When an Unaffiliated Entity Acts on a Party’s Behalf in a Contract

Consider the shall in this sentence from a public-company merger agreement:

As soon as practicable after the First Effective Time, the Exchange Agent shall, on behalf of all such holders of fractional shares of Parent Common Stock, effect the sale of all such shares of Parent Common Stock that would otherwise have been issuable as part of the Merger Consideration at the then prevailing prices on the NYSE through one or more member firms of the NYSE.

The exchange agent isn’t a party, yet that shall suggests that the exchange agent has an obligation to act as specified. That doesn’t make sense. What should we do instead?

How about Parent shall cause the Exchange Agent to … ? I wouldn’t do that either—shall cause is for when the nonparty is a subsidiary of the party and so is under the control of the party. The exchange agent doubtless has a contract obligation to Parent, but that’s different from being under the control of Parent. And it would get annoying to have to trot out shall cause whenever the exchange agent is required to do or not do something.

So I propose saying the Exchange Agent must. It’s analogous to what I propose in MSCD in table 3 (Language of Obligation Imposed on Someone Other Than the Subject of the Sentence): The arbitrator must … .

But the exchange-agent example differs from the arbitrator example in one important respect: the arbitrator is neutral, whereas the exchange agent has been hired by Parent. I suppose you could make that explicit by saying the Exchange Agent, acting on behalf of Parent, must, but that would get annoying too. If anyone cared about this issue, the best way to address it would be to say in the contract that Parent will be liable for any damages caused by the exchange agent’s not acting as contemplated in the contract. For all I know, it might be standard to do so.

Of course, I suspect that only hard-core MSCD readers will be attuned to the nuances of shall and must. So the primary function of this distinction is to allow the drafter to maintain their discipline in choosing verb structures.

About the author

Ken Adams is the leading authority on how to say clearly whatever you want to say in a contract. He’s author of A Manual of Style for Contract Drafting, and he offers online and in-person training around the world. He’s also head of Adams Contracts, a division of LegalSifter that is developing highly customizable contract templates.

5 thoughts on “When an Unaffiliated Entity Acts on a Party’s Behalf in a Contract”

  1. Ken:

    I like and use this case of must. It also feels like the use of must to convey conditions. I can’t explain that feeing very well busy imagine you start with “the parties shall arbitrate.” Then you describe characteristics of the arbitration with conditions, such that the parties don’t meet their obligation if they obstruct the conditions: “the arbitration must be in New York City,” “the arbitration must be before three neutral arbitrators wearing funny wigs,” etc. Adding “the arbitrator must issue a decision within 30 days” feels like one of those conditions. It’s obviously not exactly the same, but there’s some similarity that tugs at my brain. Maybe there’s something to that; I dunno. But I like it and use it.

    Chris

    Reply
  2. As a suggestion (have used it myself):

    ‘Party X [the party with the relationship with the Exchange Agent] must exercise all available contractual and other powers to require the Exchange Agent to…’

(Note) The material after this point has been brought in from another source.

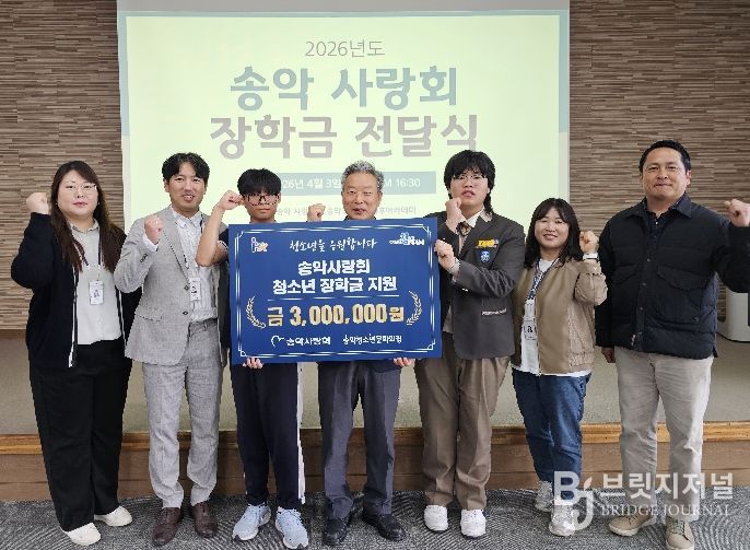 브릿지저널 정보영 기자 | 송악사랑회는 3일 송악청소년방과후아카데미에 장학금을 전달했다. 이번 장학금 전달식은 송악청소년문화의집에서 진행됐으며, 재학생 3명에게 매월 10만원씩 총 300만원이 지원된다. 송악사랑회는 청소년들의 올바른 성장에 기여하고자 하는 의지를 표명하며, 앞으로도 후원을 지속할 계획임을 밝혔다.

    Yes, it requires Party X to have some powers over the Exchange Agent (and if X doesn’t, then whether or not the Exchange Agent does the thing is outside the control of both parties – might become a force majeure event of sorts).

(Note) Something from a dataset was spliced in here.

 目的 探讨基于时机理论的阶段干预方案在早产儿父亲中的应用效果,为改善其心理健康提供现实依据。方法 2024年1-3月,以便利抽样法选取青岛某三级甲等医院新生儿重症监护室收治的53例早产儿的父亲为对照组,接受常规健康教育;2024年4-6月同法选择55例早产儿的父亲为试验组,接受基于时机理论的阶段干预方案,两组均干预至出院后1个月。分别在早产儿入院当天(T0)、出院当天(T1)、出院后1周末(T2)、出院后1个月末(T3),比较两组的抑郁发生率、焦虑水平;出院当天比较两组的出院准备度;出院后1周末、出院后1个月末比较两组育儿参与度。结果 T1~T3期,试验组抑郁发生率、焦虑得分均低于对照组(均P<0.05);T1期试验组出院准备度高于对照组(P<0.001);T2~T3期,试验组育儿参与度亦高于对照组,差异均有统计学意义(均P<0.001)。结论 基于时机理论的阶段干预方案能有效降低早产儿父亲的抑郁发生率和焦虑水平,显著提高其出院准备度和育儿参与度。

    And for this to work, it assumes the other Party Y knows that Party X indeed has any such powers at all, and knows what they are (has Party Y seen Party X’s contract with the Exchange Agent?).

    But to impose obligations on someone who is a non-party is a waste of ink.

    Reply
  3. Ken, I may not have a better answer, but I do see problems with your proposal.
    The drafter, in fact, has no idea what obligation the Exchange Agent has to the Parent, if any, so to say that they ‘must’ do something seems overly wrought.
    As well, you’re making a distinction between shall and must that is far from obvious to a reader (unless, perhaps they have the MSCD to hand).
    So it seems like one should stick with the ‘Parent controlling the Exchange Agent’ – which you’ve rejected (though I prefer it, since that is what does happen, practically speaking) – or perhaps you grit your teeth and accept a generalization of this future event and say the Exchange Agent will effect the sale.

    Reply
    • Hi Scott. I assume that the target will be aware of the contract between the acquirer and the exchange agent.

      I’m OK with “the Exchange Agent, acting on behalf of Parent, must”, as long as it doesn’t get annoying. If it does get annoying, the express the relationship in a separate sentence.

      I’ve acknowledged the only hard-core readers will be aware of the function of the distinction between “shall” and “must”, but the audience for this isn’t the reader, it’s the drafter, to keep them alert to the nuances. Addressing the issue directly (see the preceding paragraph) means that nothing is riding on the distinction.